目的：本研究旨在研究不同的模型再训练方案和数据分区对模型在标准胸片（CXR）COVID-19分类任务中的表现的影响，并探讨模型的可推广性：方法：使用来自同一机构的两个数据集：方法：使用来自同一机构的两个数据集：数据集 A（9860 名患者，收集时间为 2020 年 2 月 20 日至 2021 年 3 月 2 日）和数据集 B（5893 名患者，收集时间为 2020 年 3 月 15 日至 2022 年 1 月 1 日）。在 COVID-19 分类任务中，使用集合 A 的初始分区训练和测试的原始深度学习 (DL) 模型的曲线下面积 (AUC) 值为 0.76，而集合 B 的曲线下面积 (AUC) 值明显较低，为 0.67。为了探究这一差异，对原始模型分别采取了四种策略：(1) 使用集合 B 重新训练；(2) 使用集合 B 进行微调；(3) L 2 正则化；(4) 将集合 A 的训练集重新划分 200 次并报告 AUC 值：该模型在四种方法中取得了以下 AUC 值（95% 置信区间）：(1) 0.61 [0.56, 0.66]；(2) 0.70 [0.66, 0.73]，均在集合 B 上；(3) 在集合 A 的初始测试分区上取得了 0.76 [0.72, 0.79]，在集合 A 的初始测试分区上取得了 0.68 [0.集合 A 重新分区的最低 AUC 值（0.66 [0.62, 0.69]）与集合 B 初始测试分区的 0.67 已无显著差异：结论：用于训练 DL 模型的同一数据集的不同数据分区显示出明显不同的性能值，这有助于解释集合 A 和集合 B 之间的差异，并进一步证明了模型通用性的局限性。

本文章由计算机程序翻译，如有差异，请以英文原文为准。

求助全文

约1分钟内获得全文求助全文

来源期刊

Journal of Medical Imaging RADIOLOGY, NUCLEAR MEDICINE & MEDICAL IMAGING-

CiteScore

4.10

自引率

4.20%

发文量

期刊介绍： JMI covers fundamental and translational research, as well as applications, focused on medical imaging, which continue to yield physical and biomedical advancements in the early detection, diagnostics, and therapy of disease as well as in the understanding of normal.
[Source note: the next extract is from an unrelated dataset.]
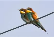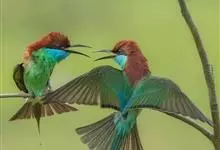 栗喉蜂虎是蜂虎科蜂虎属的鸟类。有热带鸟类羽毛艳丽的特征:喉部是栗红色的,黑色的过眼纹,翅膀和背部是绿色的,尾翼是蓝色的,飞行时翅膀下面的羽毛是橙黄色的,在阳光的照射下,它们全身闪烁着金属般的艳丽光泽,…全部>>

The scope of JMI includes: Imaging physics, Tomographic reconstruction algorithms (such as those in CT and MRI), Image processing and deep learning, Computer-aided diagnosis and quantitative image analysis, Visualization and modeling, Picture archiving and communications systems (PACS), Image perception and observer performance, Technology assessment, Ultrasonic imaging, Image-guided procedures, Digital pathology, Biomedical applications of biomedical imaging. JMI allows for the peer-reviewed communication and archiving of scientific developments, translational and clinical applications, reviews, and recommendations for the field.